Fig. 1. Example of space-time SIR multigraph with θ=3, path loss exponent 4, no noise, and Rayleigh fading. Filled circles indicate transmitters. Edges get thicker each time their link succeeds, and they turn red when bidirectionally is first achieved.

Figure 2 shows a larger network of the same type, with 400 nodes.

Fig. 2. Same as Figure 1 but with 400 nodes.

This graph reveals how many nodes can be reached from a given node within a certain time, or how many other nodes a node can receive a message from. Information in the network propagates along causal paths, i.e., paths where the first link is established before the second before the third, etc.
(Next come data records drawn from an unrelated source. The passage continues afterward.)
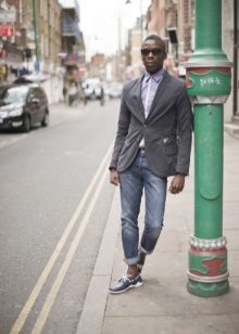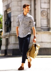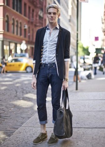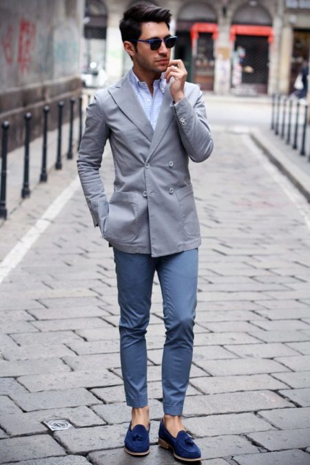Men's images with top siders are distinguished by style and ease. With dress code, it is quite possible to appear in the top siders at work. With simple cropped gray-blue trousers, double-breasted jacket and a light shirt in a small section, dark blue shoes look very noble and businesslike.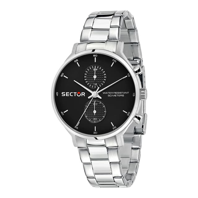 Kotelon materiaali ja viimeistely: ruostumaton teräs, kotelon koko: 39mm, lasi: mineraali, hihna materiaali: ruostumaton teräs, väri: musta, liike: kvartsi, vesitiivis: 5 atm, takuu: sektorin 2 vuoden takuu, pakkaus: sector alkuperäinen pakkaus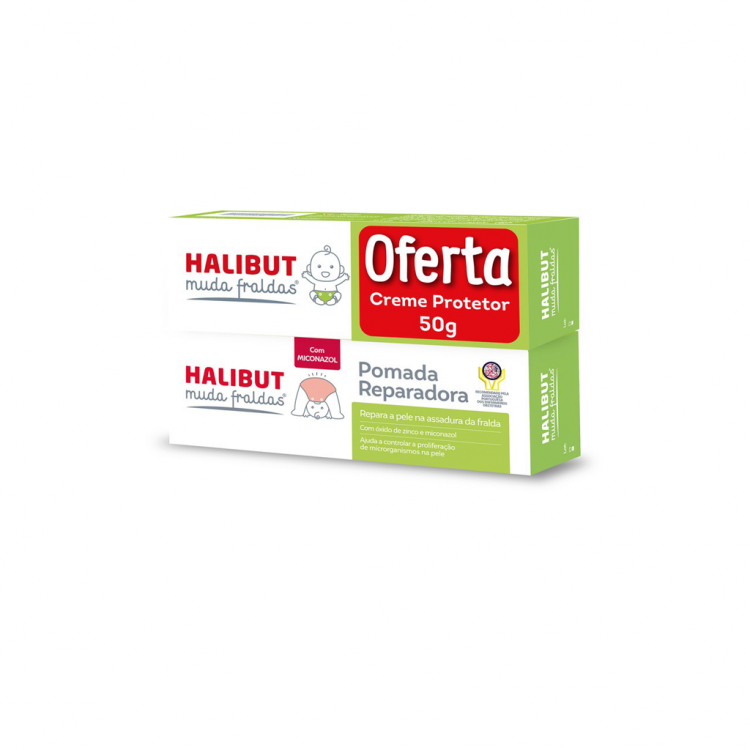 Pack Promocional: 1 embalagem de Halibut Muda Fraldas Pomada Reparadora 50gr e oferta de 1 embalagem de Halibut Muda Fraldas Creme Protetor 50gr.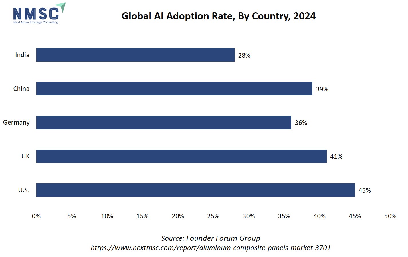 The above chart captures the global AI adoption rate across major countries. The prominent U.S. adoption rate reflects widespread integration of artificial intelligence in industries such as construction, architecture, and manufacturing, driving transformation in design, efficiency, and performance standards.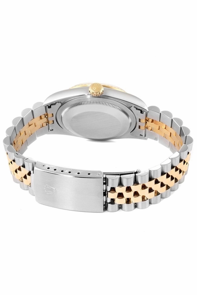 Kjo orë klasike Rolex Date just Jubilee ka një kornizë çeliku inox 36 mm me dy ngjyra dhe ar të verdhë, perfekte për të krijuar një deklaratë të përjetshme.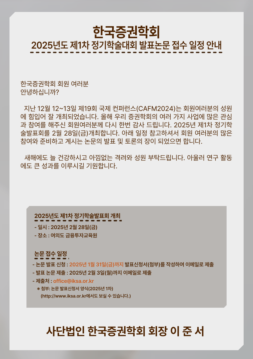 2025년 제1차 정기학술발표회 발표논문 접수 및 일정 안내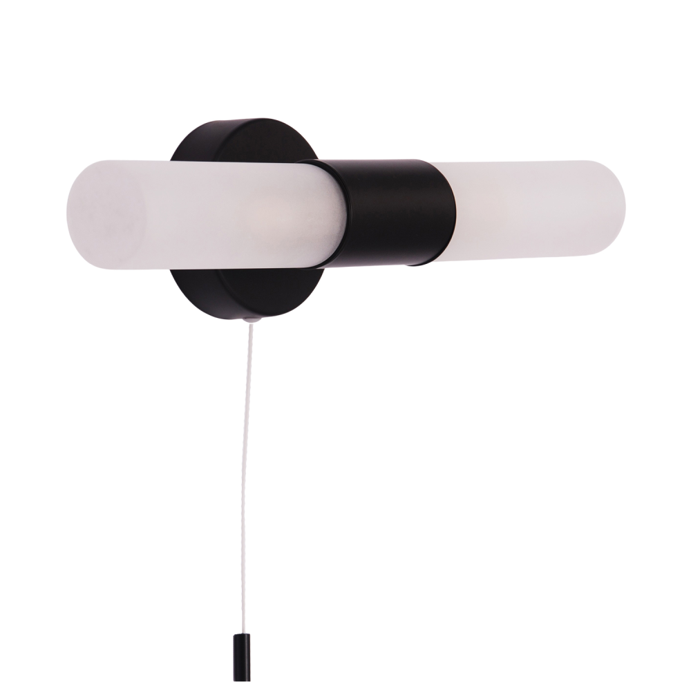 Loops Bathroom Wall Light Fitting - Matt black & White Glass Twin Lamp

To simplify the identification of such paths, the time index when an edge is established can be added as an edge weight.

Based on this graph, notions of percolation and connectivity can be rigorously defined. For connectivity, a natural definition is that the network is connected if causal paths exist between all pairs of nodes. A fairly general result can be proven without much difficulty: For arbitrary deterministic Φ∈ℝ2, ALOHA with transmit probability 0<p<1, a path loss exponent greater than 2, the graph G is almost surely connected if the (independent) fading variables have infinite support, irrespective of the noise level.

When an analysis for a deterministic set of locations Φ seems hard, randomizing it to a point process may improve the tractability. A good starting point, as usual, is the PPP. For the PPP, one can hope to answer questions such as:

  • How long does it take on average for a message to propagate from node x to node y (first-passage percolation)? Here x and y are deterministically added to the node set.
  • Under which condition is the average time for a node to reach any other node infinite? (If this average time is infinite, the node could be declared isolated.)
  • Is the propagation speed, defined as the time it takes for information to travel from x to y normalized by their distance, zero or positive asymptotically as the distance grows to infinity?

Based on these results, parameters such as the transmit probability can be optimized.